Now, it’s about the same thing about 1) quaternion support and 2) nobody want respond about an hypothetic raytracing support …

So OK, OpenGL isn’t really as “open” as this …

So I prefer close this type of discussion and create myself a good 3D API for my PocketPC

@+

Cyclone

this may end up being long, apologies beforehand. Some of what i say here may not be exactly mathematical, but it’s an easy way to visualize quaternions… (I recommend reading the maths book, flat land, it’s very good at explaining higher level dimensions in easy to understand language).

(I Don’t want to fill this with C code, so check out the matrix & quaternion FAQ . Any examples i use here will use the funcs as they are listed there - saves me a bit of time… I will kinda add to it a bit though)

First off. get a piece of paper and draw a little picture. The image you create is 2D, however you have used 3D to do it - don’t believe me? If you had used 2 Dimensions to draw the picture, you’d have never taken the pencil off the paper. Try drawing the same picture again but this time, keep your pencil on the page at all times. It suddenly becomes more difficult.

In effect, to make life easy when creating a 2D image, we add the third dimension to give us much more subtle control over the tools we are using.

Right then, apply the same concept to 3D graphics. You will notice that we use a 4x4 matrix to transform points, not a 3x3. Without the 4th dimension, moving objects about in space becomes far more complicated - in effect we are ‘keeping the pencil on the page’. Handily, this is easier to understand when looking at a quaternion…

ok, so we have a quaternion defined with {x,y,z,w}. In 3D graphics we only ever use normalised quaternions. Normalising a quaternion is exactly the same as normalising a 3D vector, except you use 4 components, not 3. Therefore, the quaternions we are interested in will always sum to 1…

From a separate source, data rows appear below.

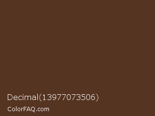 Decimal 13977073506 Color is a dark orange color and the nearest color is Saddle #4c3024. Hex code #563422 and RGB value is rgb(86,52,34). In RGB color space, this color is composed of 34% red, 20% green, 13% blue, In CMYK color space, this color is composed of 0% cyan, 40% magenta, 60% yellow , 66% black , In HSL color space, this color has a hue angle of 21° , 43% saturation and 24% lightness.
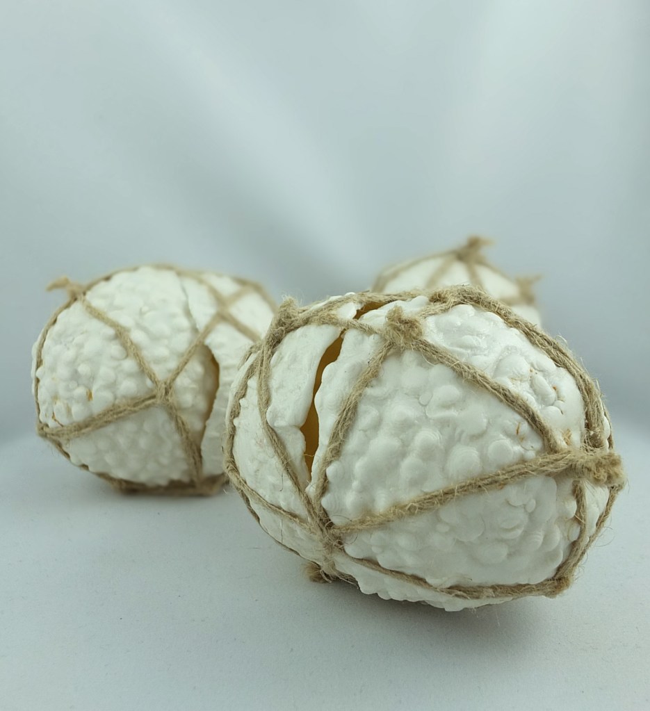 Une biosphère de porcelaine et de lien végétal se compose alors et les pièces résonnent ensemble par la récurrence de certains motifs. Chacune dispose de son-chant propre, de son identité propre, le tissage en chanvre paraîssant donner vie à des organismes modulables.
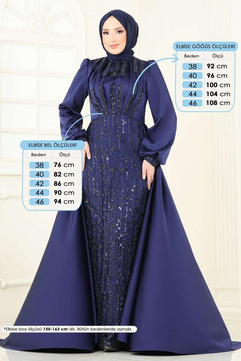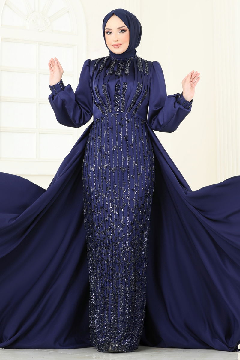 SUAL Draped Cape Evening Dress is a hijab-style product. It can be used in all four seasons. Only dry cleaning is required. Made of jeweled satin fabric. The product has a mandarin collar. It is lined. The product has a back zipper. (The product on the model is size 38.) The sequin detail is sewn. Bead details are riveted. The chiffon cape detail is sewn.
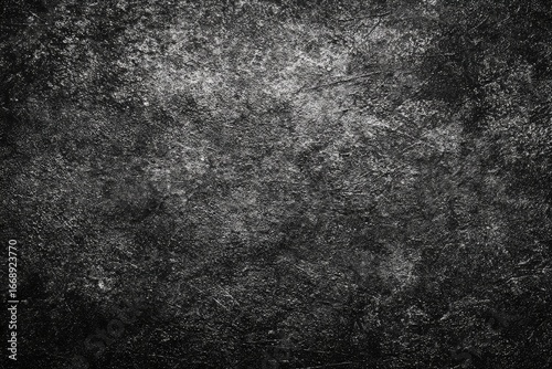 Dark, textured grayscale image; mottled, scratched surface with varying shades of gray, suggesting age and wear
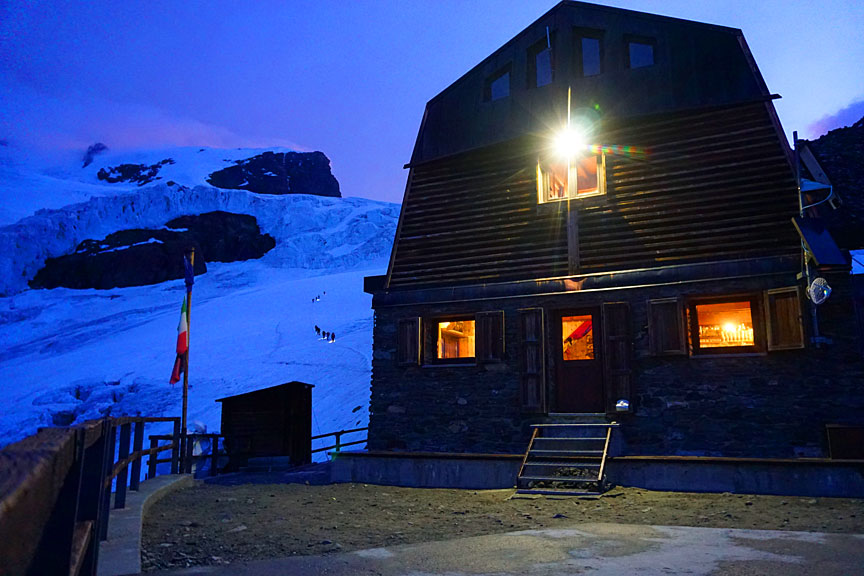 We arrived early to the Sella hut, our planned stopping spot for the night. After checking and rechecking the weather forecast, and calling a few huts, we decided that it was better to put ourselves in a position from which we could return to Zermatt the following day. So with this goal in mind, we descended to the Mezzalama hut for the night, adding some 5+ hours of hiking to our day. |
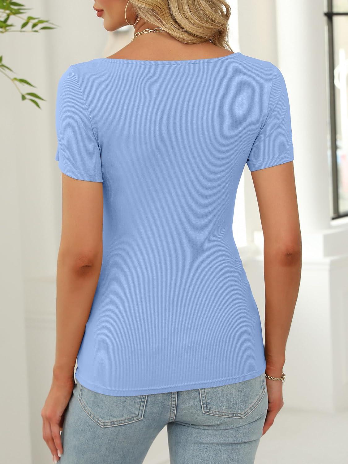 imageANRABESS Women Boat Neck Tops Short Sleeve TShirts Ribbed Knit Tight Fitted Basic Tees Shirts 2025 Summer ClothesSky Blue
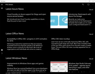 Stay up to date with the latest blogs from Microsoft Premier Field Engineers covering all Microsoft technologies with a Windows 10 Universal App! Microsoft Premier Field Engineers act as the primary onsite technical contact, providing customer visibility, advanced technical troubleshooting support and problem resolution for corporate and government customers, including issues escalated to the highest levels of management. These blogs are from the field and offer advanced troubleshooting and insight into Microsoft technologies. As an extra, the app also includes the latest news from Azure, Office, Microsoft, Xbox, and Windows providing a single source for all things Microsoft.
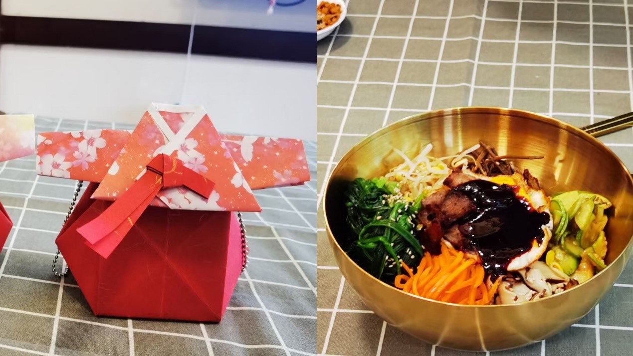 首先,韩语外教张智善老师为同学们讲解了用彩纸折韩服福袋的详细步骤,刘倩老师予以协助,同学们认真观摩聆听,积极动手尝试,在张老师和刘老师的指导下,同学们都折出了韩服形状的福袋,在此过程中,同学们既了解了韩国传统服饰的相关知识,又锻炼了动手能力。
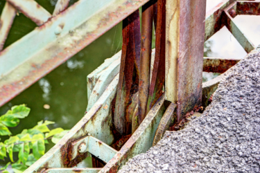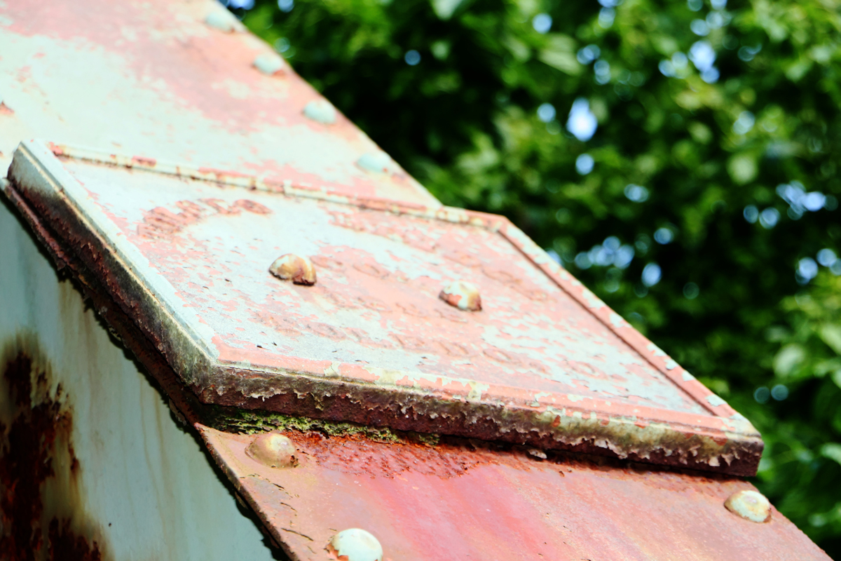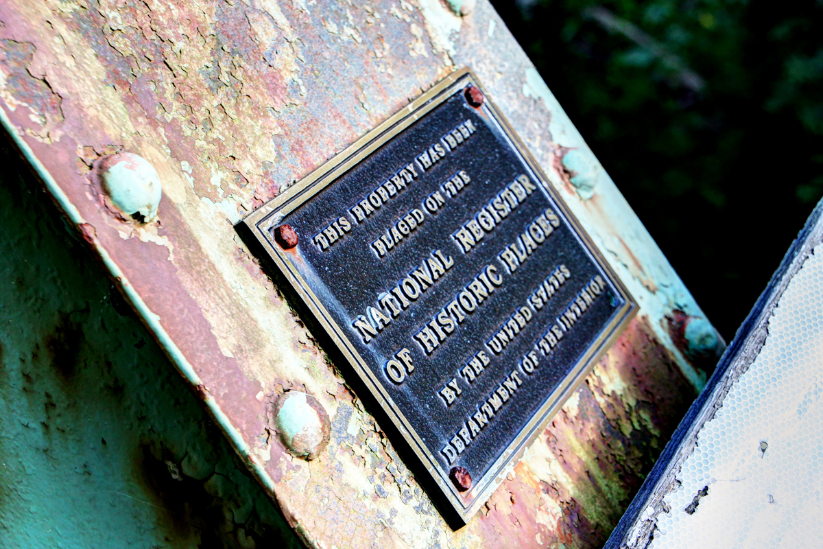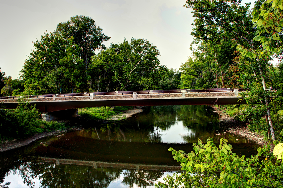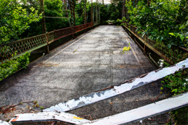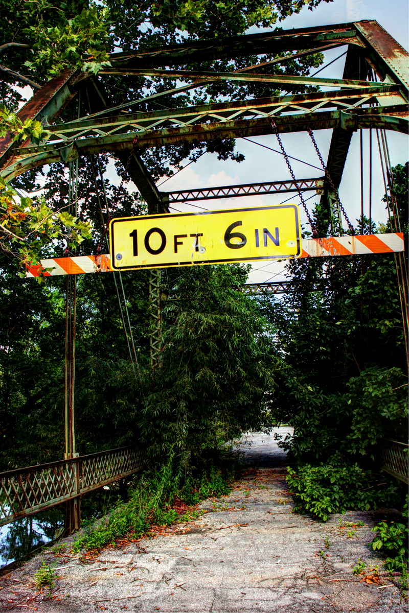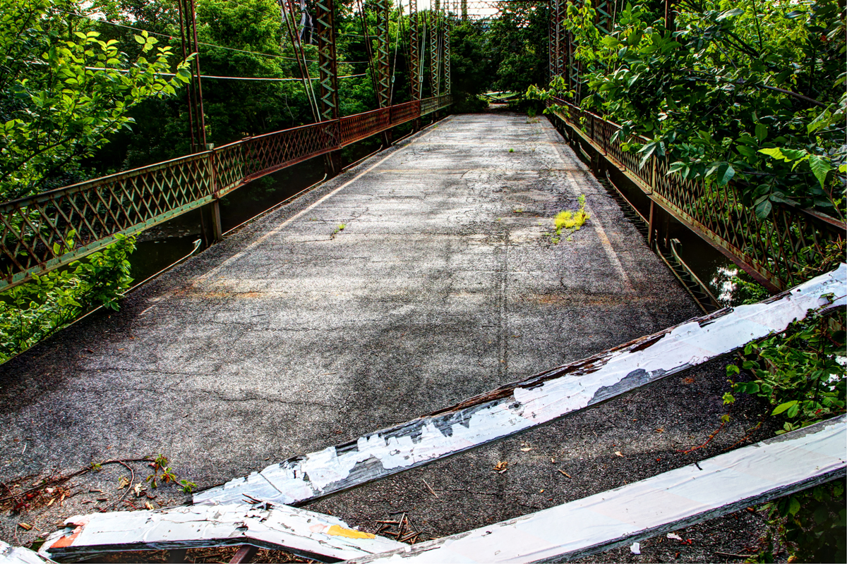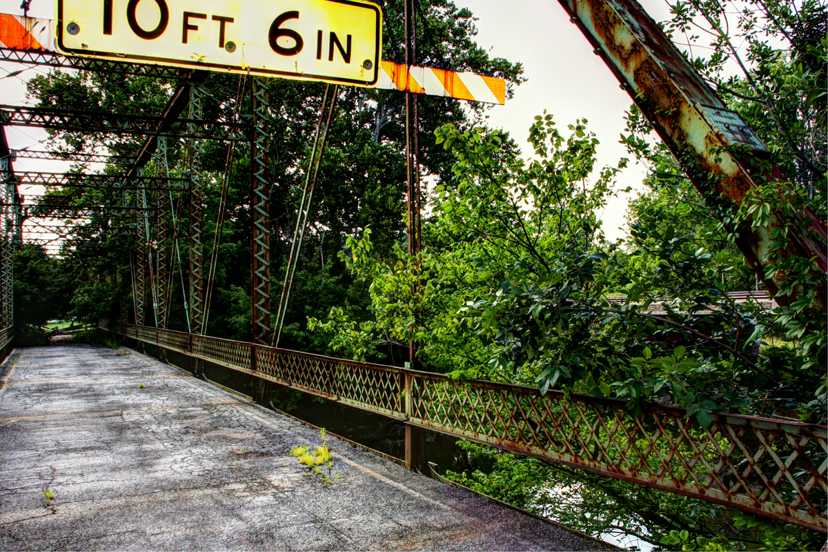 Orange Road Bridge continued to serve the community after the flood. At some point, asphalt was laid on top of the bridge’s original burr and white oak timbers. The bridge underwent a major rehabilitation in 1970. The entire structure was temporarily raised so the old bridge seats could be replaced by new concrete seats reinforced with steel. The bridge’s four vertical hips were reinforced with the addition of 32-foot rods during the rehab as well. In the 1980s, the east abutment was faced with concrete. A single vehicle accident damaged a southern portion of the guard rail in December 2000. The bridge was closed until January 2001 while repairs were made. The dented latticework was still apparent when we visited the site in 2014.
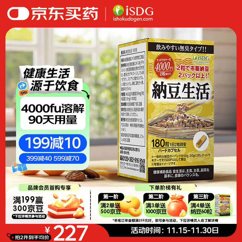 ISDG纳豆激酶胶囊4000fu180粒 疏通血管高降血脂血压中老年人 90天量
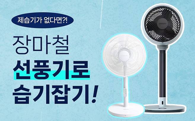 김 CM 최근에 제가 인포그래픽으로 만들었는데 요즘 장마철이잖아요. 집에 제습기가 없으면 생수 페트병을 얼려요. 빵빵 얼린 생수 페트병을 쟁반 위에 두고 거기다가 선풍기 바람 쐬어주면 공기 중에 수분이 페트병 겉면에 모여서 주변 습도가 낮아지는 효과가 있어요. 냉방에 제습 효과까지 더해지는 거죠. 저도 TV에서 보고 실제로 해봤는데 효과 있더라고요. 선풍기 이렇게 쓰는 것도 괜찮습니다.
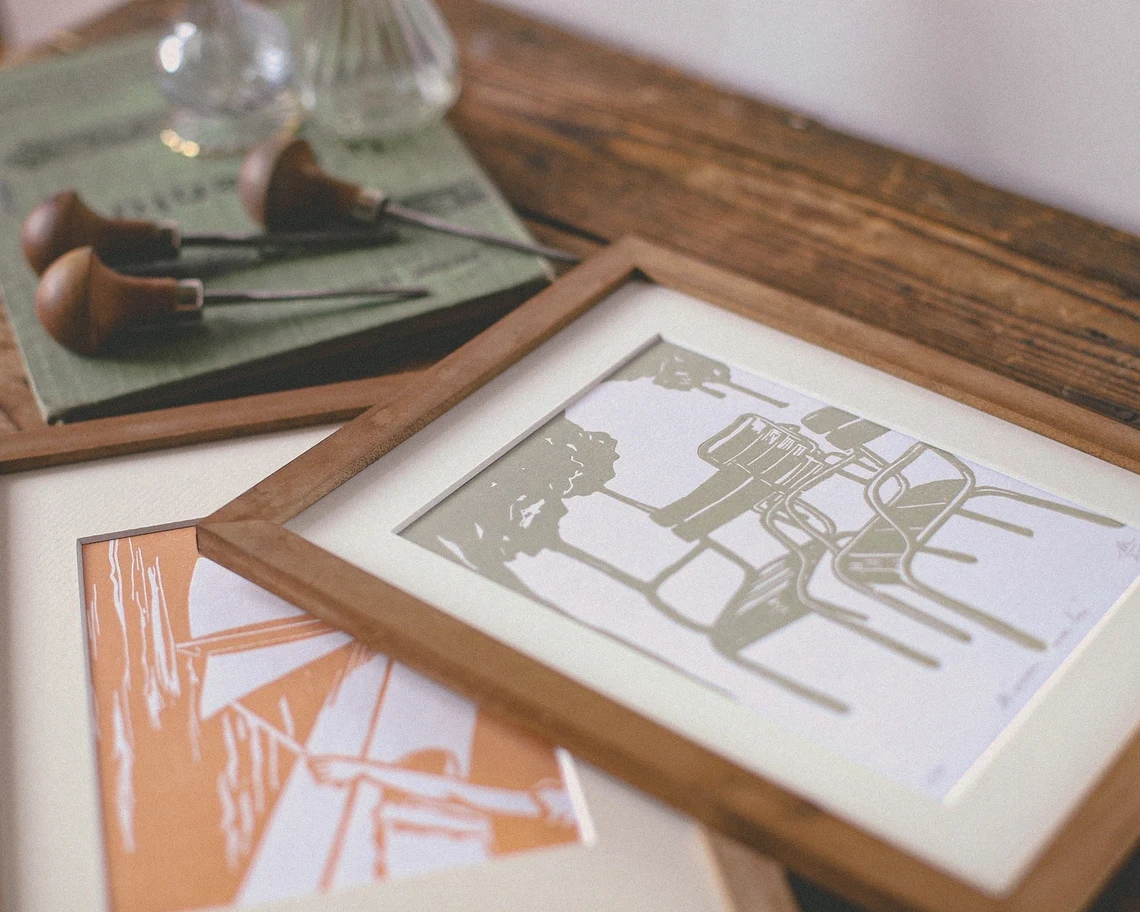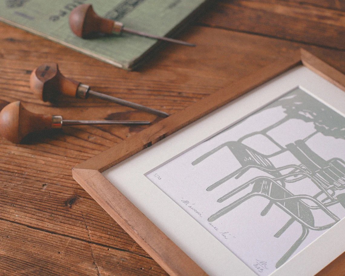 La linogravure est un processus artisanal, chaque dessin est dans un premier temps gravé sur une plaque de linoléum, puis imprimé manuellement et individuellement sur le papier. Chaque tirage est donc unique, et peut comporter des nuances et des aspérités propres au charme de l’impression artisanale.
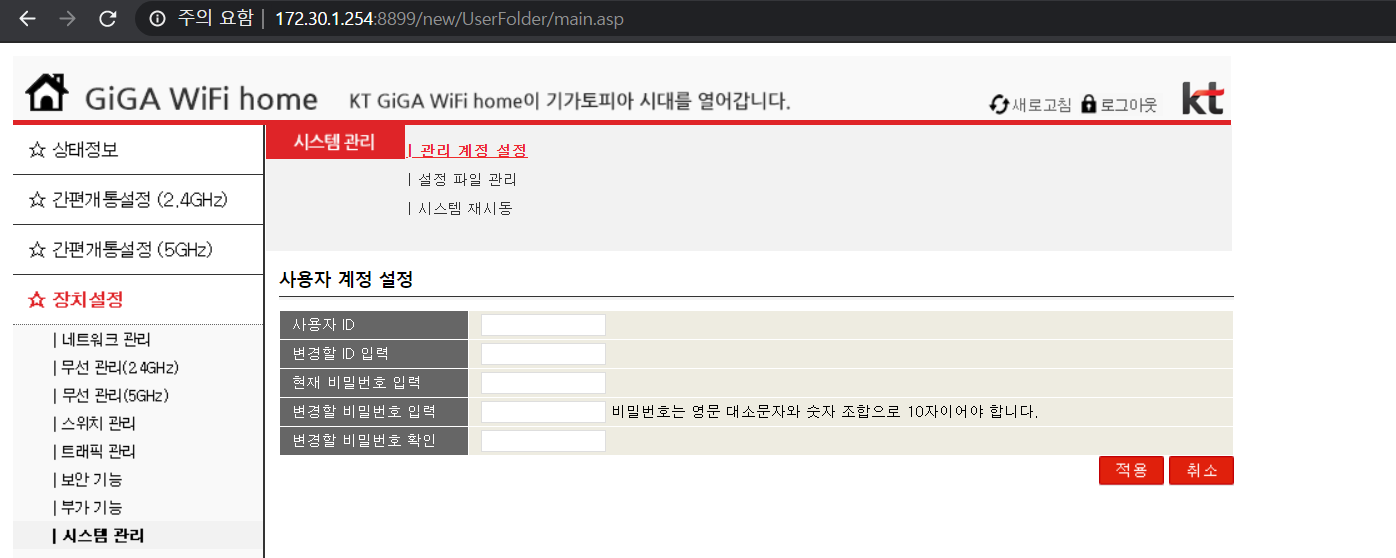 장치설정 -> 시스템 관리에서 관리자 계정을 변경하실 수 있습니다. 정보보안을 공부하는 사람으로서 Default 값으로 관리자 계정을 둔 것에 대해 반성하고 합니다.
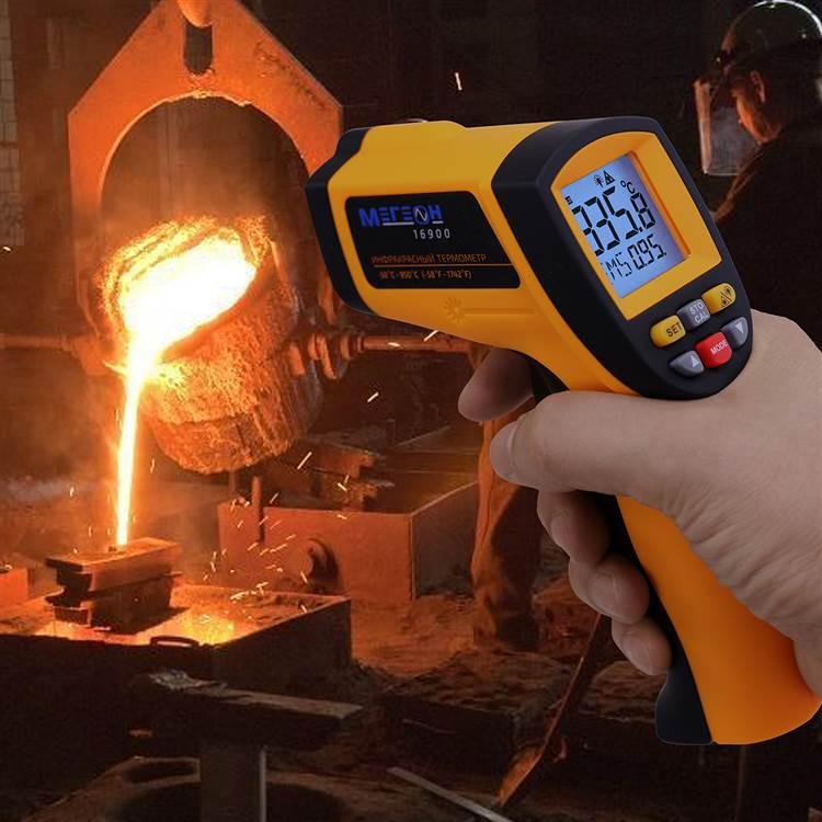 Пирометр оснащен лазерным целеуказателем и изменяемым коэффициентом излучения. Это делает процесс измерения температуры более удобным и точным. МЕГЕОН 16900 является надежным и функциональным инструментом для измерения температуры в различных условиях.
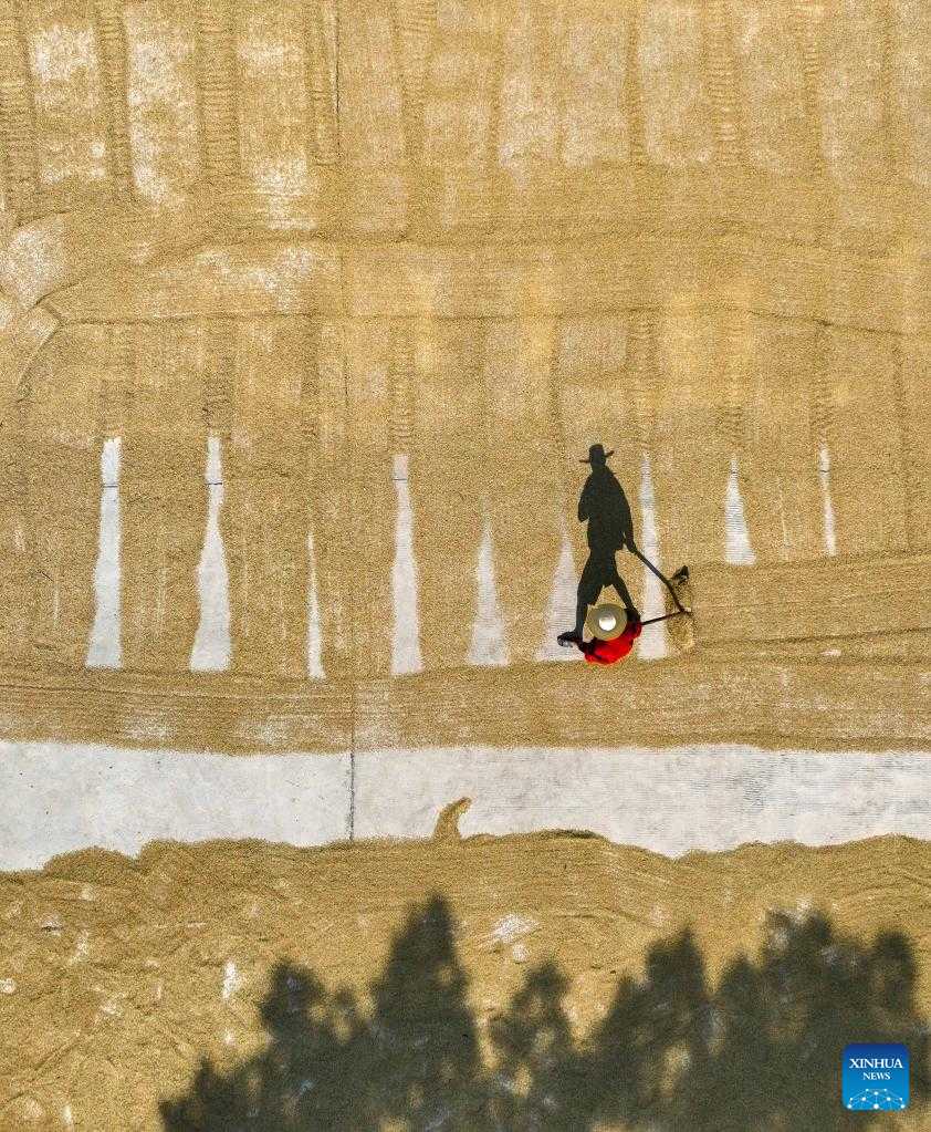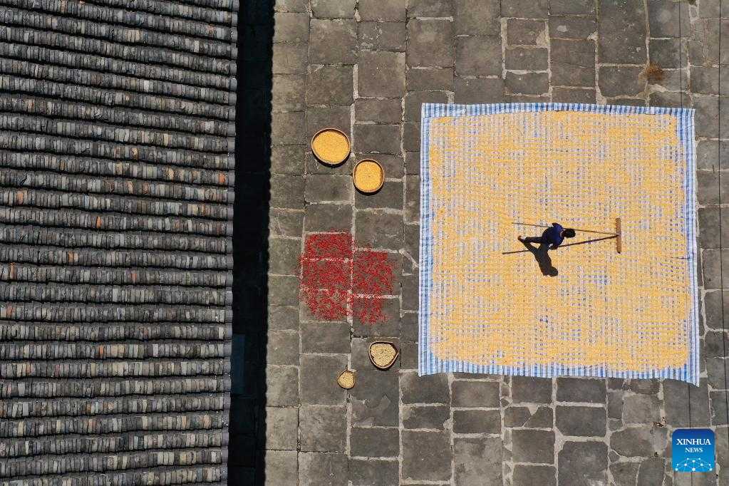 Aerial photo taken on Sept. 4, 2022 shows a villager airing rice in Zhongping Village of Qingtang Town in Daoxian County, Yongzhou City, central China's Hunan Province. (Photo by Jiang Keqing/Xinhua)

consider the following quaternions,

1,0,0,0 - rotation of +180 degrees around x

-1,0,0,0 - rotation of -180 degrees around x

0, 1,0,0 - rotation of +180 degrees around y

0,-1,0,0 - rotation of -180 degrees around y

0,0, 1,0 - rotation of +180 degrees around z

0,0,-1,0 - rotation of -180 degrees around z

0,0,0,1 - no rotation at all…

In effect, as the w value increases, our 3D pencil ‘lifts’ off the page, thus it has no affect on the objects. You will see that 0,0,0,1 basically is an identity. You may also notice that we never use the quaternion, 0,0,0,-1. This makes no sense, we only lift the pencil UP off the page, we don’t want to force it through the paper because that would make a nasty hole…

Now, consider again the quats, {1,0,0,0} and {-1,0,0,0}. Essentially they are almost the same, they will be 180 degrees around the x axis… The difference here, is that the sign indicates a direction of rotation, ie which way we will rotate around the x axis.

Consider making a character rotate from 0 to 270 degrees, we could equally rotate from 0 to -90 degrees to get to the same position. The problem with euler angles is that we’d probably end up rotating the long way around rather than the shortest route. Normally the shortest rotation is the one we want.

It’s pretty much impossible to calculate the shortest rotation using euler angles… every year one of my students trys to prove me wrong… they never do…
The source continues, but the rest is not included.